The European Union’s raison d’être is to enhance Member States capacity to be efficient and capable actors, delivering functioning policies and opening up the full potential of the EU’s collective strength. This has been the integration process’ leitmotiv from the start. In an interconnected world undergoing profound changes, with the certainties of yesterday becoming the liabilities of tomorrow many politicians, and, most of all, voters see the future of our European edifice closely linked to the problem-solving abilities of the EU.

In the area of security and defence the EU and its Member States have not been sufficiently committed for far too long. The world has, regrettably, changed in ways which many of us would not have thought imaginable only a few years ago. It has become a much more dangerous and volatile place. Systemic competition is back on the menu. We are faced with hybrid war tactics, and much worse, on a daily basis. The time when the EU could be content to focus mainly on its role as a civilian power and to go for the easy policy choices is over. The holidays from history are over.

The EU’s progress in the area of security and defence, achieved since the European Council of December 2013 and the endorsement of the EU’s Global Strategy has been staggering. More has been achieved during these years than inov many decades before. But let’s face it: much more still needs to be achieved in the coming years in order to make the EU as relevant in security and defence matters as the rapidly changing international environment requires.

In many ways the European Parliament and its Subcommittee on Security and Defence (SEDE) have been the heralds of the developments we can now finally see picking up in the EU’s security and defence policy. Since the entry into force of the Lisbon Treaty SEDE has been constantly hammering on the other EU institutions’ doors urging them to make use of the Treaty’s full potential. In this context, SEDE has always been supportive of the European Defence Agency (EDA), its role in the field of defence capability development and its institutional function.

The pilot project on EU defence research of 2014 was the precursor for a dynamic development that led to the European Defence Fund. Parliament, as budgetary authority of the EU, took the lead and gave the green light to use EU funds in the area of defence. This was a real paradigm shift!

The EU’s progress in the area of security and defence, achieved since the European Council of December 2013 and the endorsement of the EU’s Global Strategy has been staggering

Since then we have seen a plethora of activities and actions aiming at strengthening the defence capabilities of the EU Member States. PESCO, for which the third wave of projects has just been endorsed, the CDP and CARD, EDIDP and, hopefully soon, the EDF are the core building blocks of a complex process the likes of which we have never seen before within the EU context. The manner in which these different but complementary elements connect with each other and create the desired synergies will be crucial to the success of the overall policy. There will be trial and error, for sure. This is part of any newly emerging policy. Adaptations and course corrections will be necessary. However, failure is not an option! Too much is at stake. If the EU and its Member States want to remain relevant in international security and defence matters, if we want to shape our destiny instead of being shaped by others, we must maintain technological sovereignty as the foundation of a vivid technological and defence industrial base which ultimately is the key for strategic autonomy.

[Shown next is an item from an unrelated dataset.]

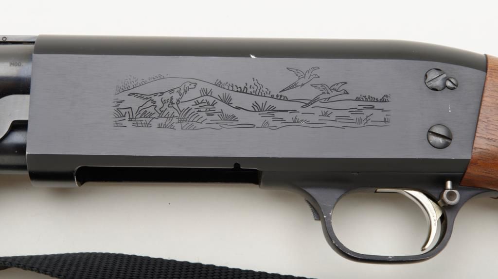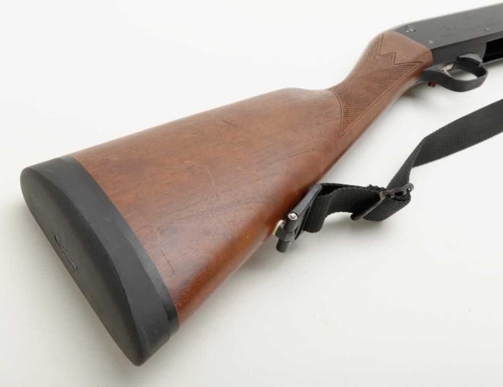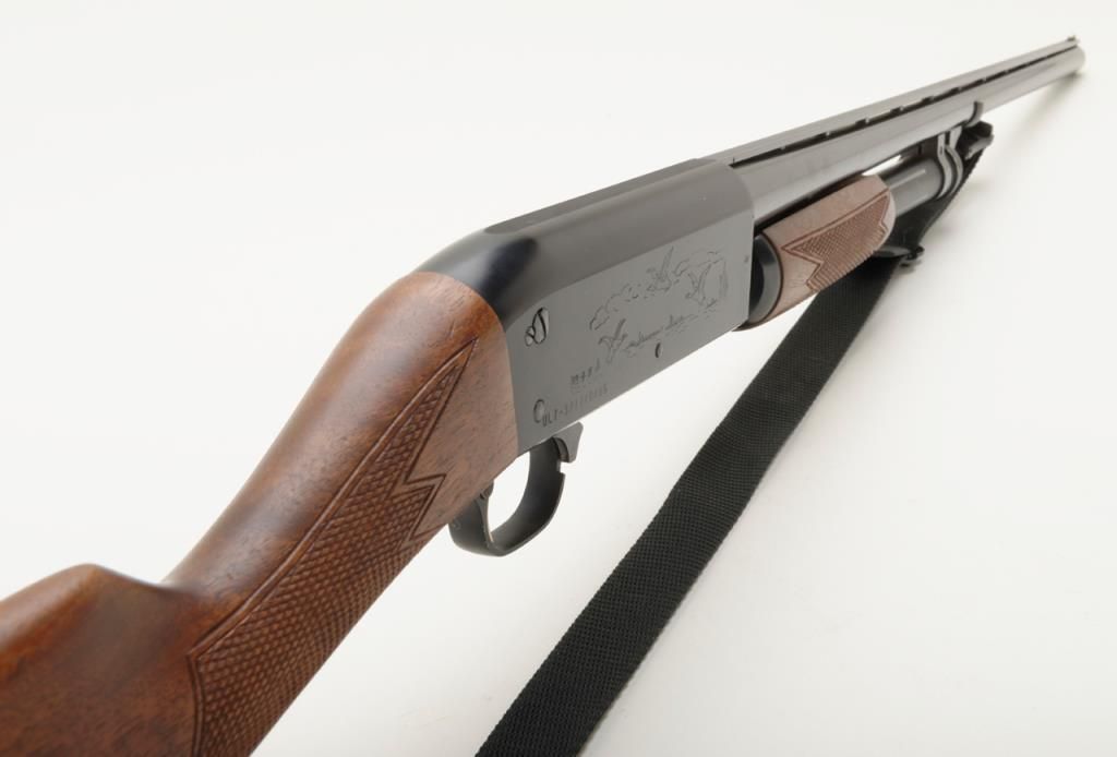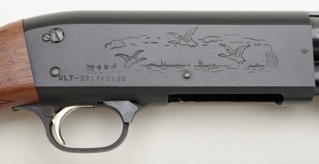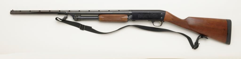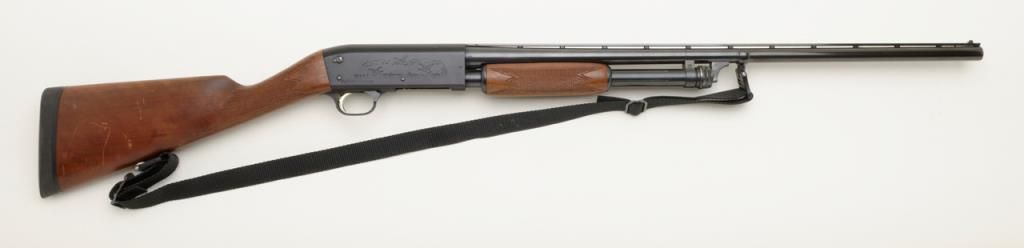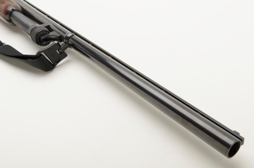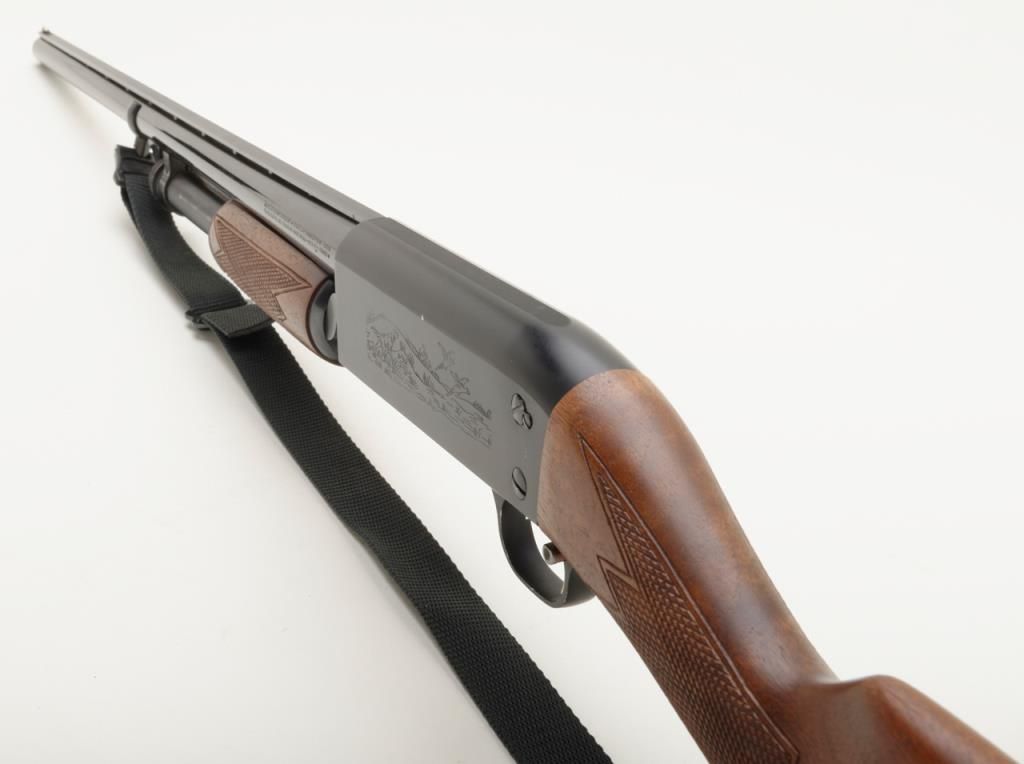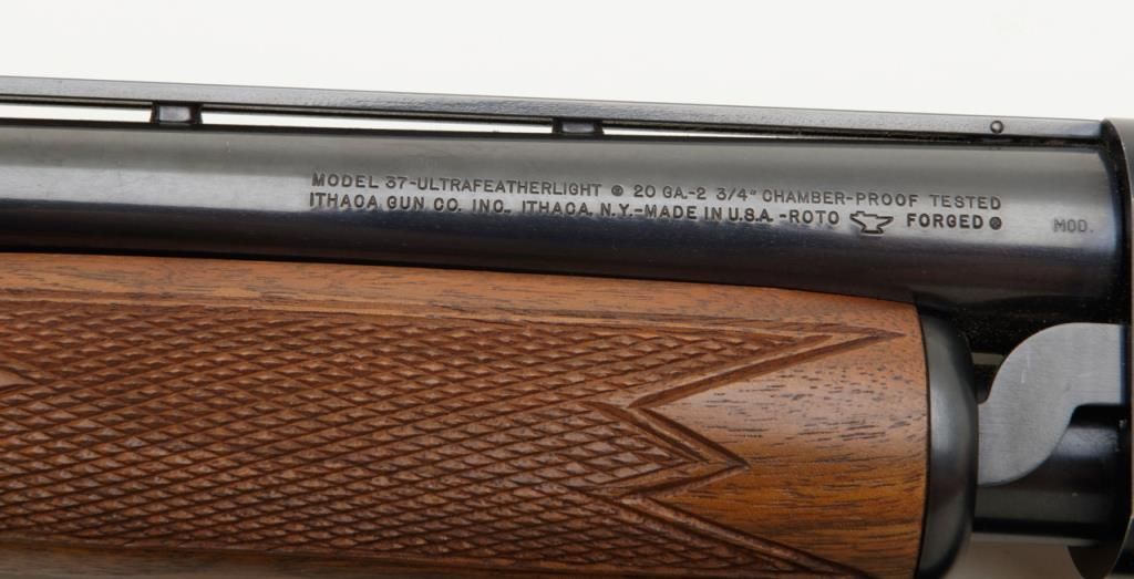Ithaca Model 37 ultralight 20 gauge pump action shotgun with factory 26” barrel, English style straight stock, ventilated rib, quick detachable sling swivels and sling added along with hard rubber extended recoil pad. The shotgun is choked modified. The condition is fine to excellent with a little use, some minor loss of finish at operating areas and a couple of minor scratches and marks. 97% to 99% overall. Est.: $200-$400

Therefore, Parliament and in particular SEDE, will very closely follow and scrutinise the implementation of the agreed measures in the coming years. For that, we will cooperate with the other relevant committees in Parliament and with all EU actors concerned. This will be one of our main priorities for the new legislative term. We will encourage progress as much as we can, but we will also clearly point at all those actions, which fail to deliver the envisaged results. We will use, in a constructive manner, all instruments at our disposal, political, procedural and budgetary to ensure that taxpayers’ money is spent the way it should.

However, we cannot simply limit ourselves to be content with the implementation of the agreed measures, as important as this is. We need to systematically develop the EU’s security and defence policy further so that we come closer to the goal of establishing a European Defence Union. In this perspective the EDF will be only the first, though important step, towards a fully-fledged EU security and defence policy.

Progress in the EU security and defence policy should be pragmatic and incremental. That is what many interlocutors keep telling the European Parliament. It has worked very well during the last three years or so. So, let us continue and not rock the boat. Really? Parliament has taken a quite different view during the previous legislature. It has demanded, on several occasions, to create a European defence Whitebook.

Developing defence capabilities without having a strategic understanding of what these capabilities are good for, what they will be used for, what our priorities are, is risky, even dangerous. This is where we stand today. Just take a look at the latest report of the European Court of Auditors.

In the EU we cannot escape a serious reflection about our future security and defence strategy. If we fail to put our EU defence efforts into the perspective of a strategy worthy of its name we will ultimately fail to deliver the results we need and which citizens are looking for. Therefore, strategy will be a key priority of my work as chair of SEDE.

Everybody – EDA, the new Commission with its DG Defence Industry and Space and the other relevant EU actors – needs to think strategically. There is no time to lose.